**AIM OF THE EXERCISE:** Reproduce exactly the lines of this material that begin at the line with "Fjelljakke i Finull" and end at the line with "Givenchy Leather Knee-High", both included. Omit the pictures and everything else.

**PROVIDED MATERIAL:**
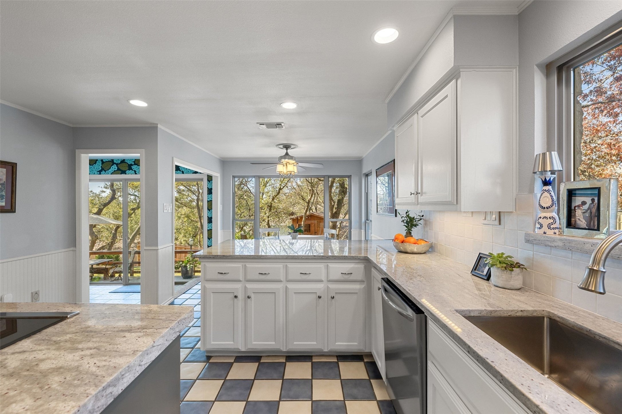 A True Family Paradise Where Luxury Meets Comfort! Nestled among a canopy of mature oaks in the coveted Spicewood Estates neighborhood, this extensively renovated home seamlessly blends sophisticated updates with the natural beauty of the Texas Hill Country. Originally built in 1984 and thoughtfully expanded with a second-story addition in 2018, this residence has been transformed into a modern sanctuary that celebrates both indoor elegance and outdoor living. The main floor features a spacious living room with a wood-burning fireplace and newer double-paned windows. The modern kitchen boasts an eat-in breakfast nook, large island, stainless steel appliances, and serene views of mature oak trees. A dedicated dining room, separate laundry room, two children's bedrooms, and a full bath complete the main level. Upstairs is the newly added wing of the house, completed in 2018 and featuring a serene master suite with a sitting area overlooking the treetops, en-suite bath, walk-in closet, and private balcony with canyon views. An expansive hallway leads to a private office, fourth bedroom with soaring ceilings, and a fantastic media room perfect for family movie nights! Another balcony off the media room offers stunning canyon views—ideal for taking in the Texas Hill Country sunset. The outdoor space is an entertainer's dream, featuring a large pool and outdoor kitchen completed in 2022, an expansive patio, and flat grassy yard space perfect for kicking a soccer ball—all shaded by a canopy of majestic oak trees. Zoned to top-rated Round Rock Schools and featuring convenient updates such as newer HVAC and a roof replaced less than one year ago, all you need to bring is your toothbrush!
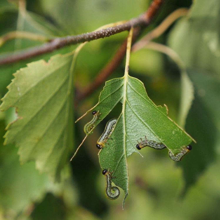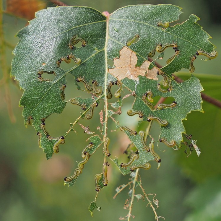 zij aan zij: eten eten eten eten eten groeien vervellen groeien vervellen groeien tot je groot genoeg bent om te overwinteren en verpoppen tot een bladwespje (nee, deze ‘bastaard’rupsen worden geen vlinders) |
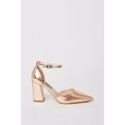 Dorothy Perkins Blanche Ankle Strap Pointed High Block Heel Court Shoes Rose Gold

--

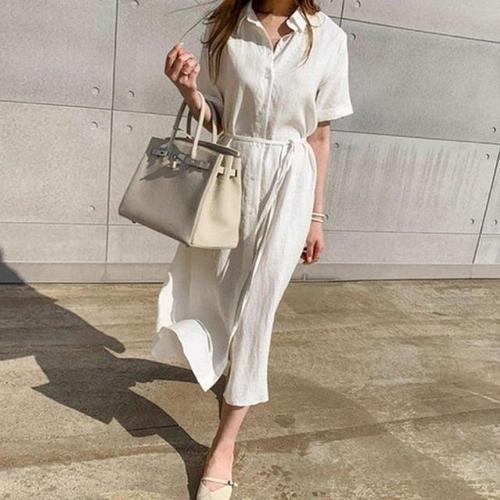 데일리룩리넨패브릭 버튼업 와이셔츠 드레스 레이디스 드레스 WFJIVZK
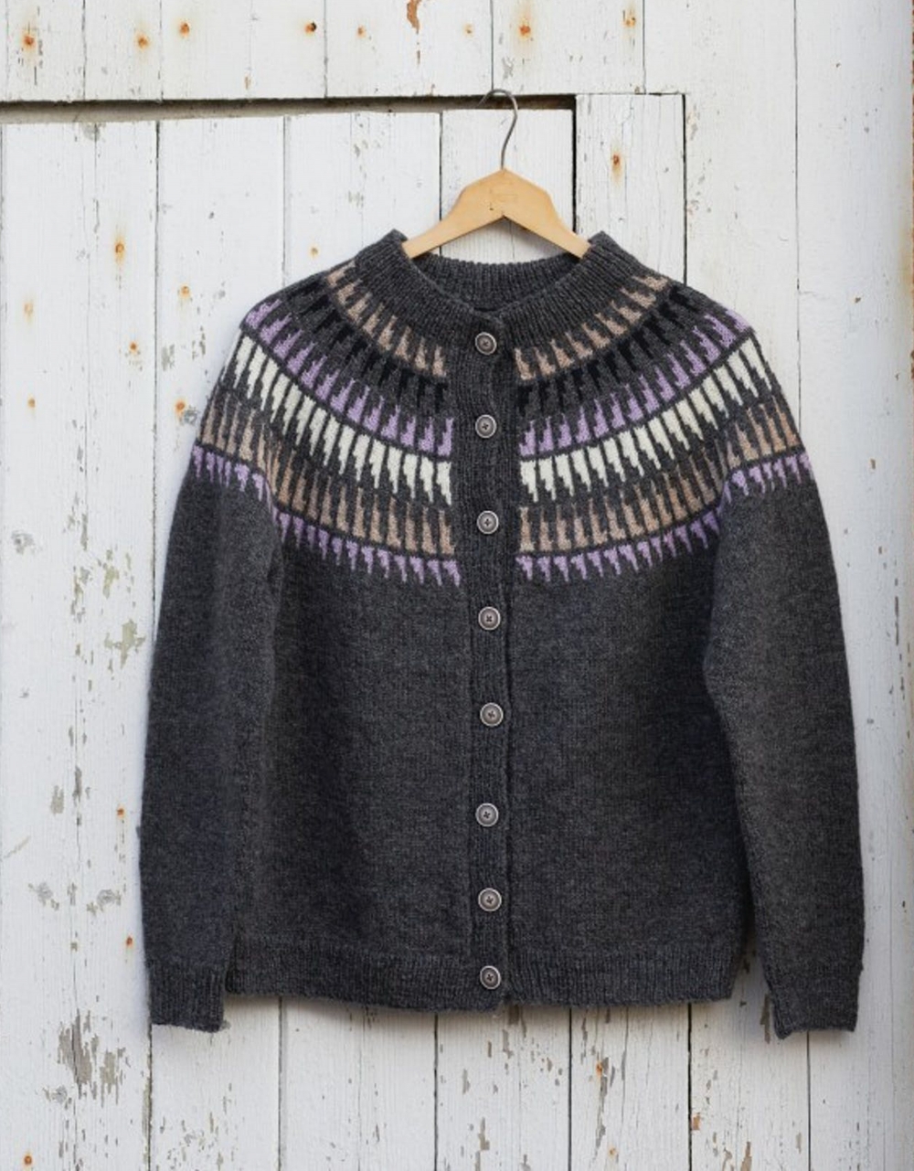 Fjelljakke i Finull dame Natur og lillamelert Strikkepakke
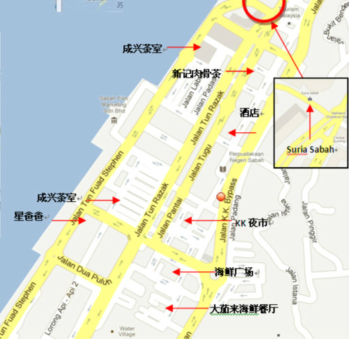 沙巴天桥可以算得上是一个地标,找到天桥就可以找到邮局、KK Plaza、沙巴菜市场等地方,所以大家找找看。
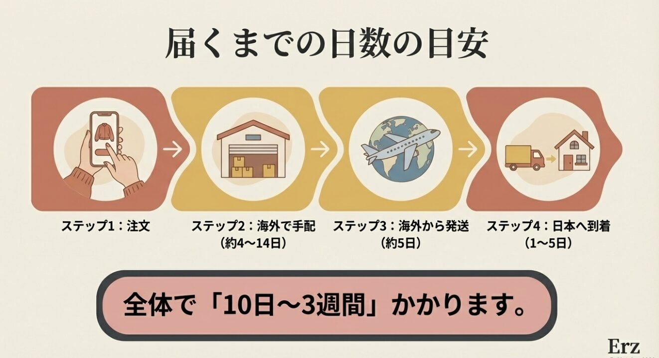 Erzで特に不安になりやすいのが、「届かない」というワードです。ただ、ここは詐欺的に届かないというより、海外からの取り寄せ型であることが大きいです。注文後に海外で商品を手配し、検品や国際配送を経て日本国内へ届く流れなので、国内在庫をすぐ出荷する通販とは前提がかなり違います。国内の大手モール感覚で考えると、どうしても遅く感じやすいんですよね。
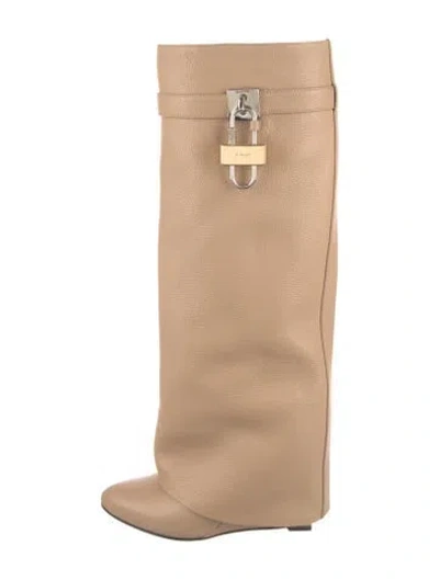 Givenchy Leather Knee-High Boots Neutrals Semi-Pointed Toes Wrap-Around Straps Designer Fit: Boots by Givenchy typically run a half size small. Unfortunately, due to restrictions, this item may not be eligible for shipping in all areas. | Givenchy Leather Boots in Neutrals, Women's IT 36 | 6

**SOLUTION TO THIS TASK:**
 Fjelljakke i Finull dame Natur og lillamelert Strikkepakke
 沙巴天桥可以算得上是一个地标,找到天桥就可以找到邮局、KK Plaza、沙巴菜市场等地方,所以大家找找看。
 Erzで特に不安になりやすいのが、「届かない」というワードです。ただ、ここは詐欺的に届かないというより、海外からの取り寄せ型であることが大きいです。注文後に海外で商品を手配し、検品や国際配送を経て日本国内へ届く流れなので、国内在庫をすぐ出荷する通販とは前提がかなり違います。国内の大手モール感覚で考えると、どうしても遅く感じやすいんですよね。
 Givenchy Leather Knee-High Boots Neutrals Semi-Pointed Toes Wrap-Around Straps Designer Fit: Boots by Givenchy typically run a half size small. Unfortunately, due to restrictions, this item may not be eligible for shipping in all areas. | Givenchy Leather Boots in Neutrals, Women's IT 36 | 6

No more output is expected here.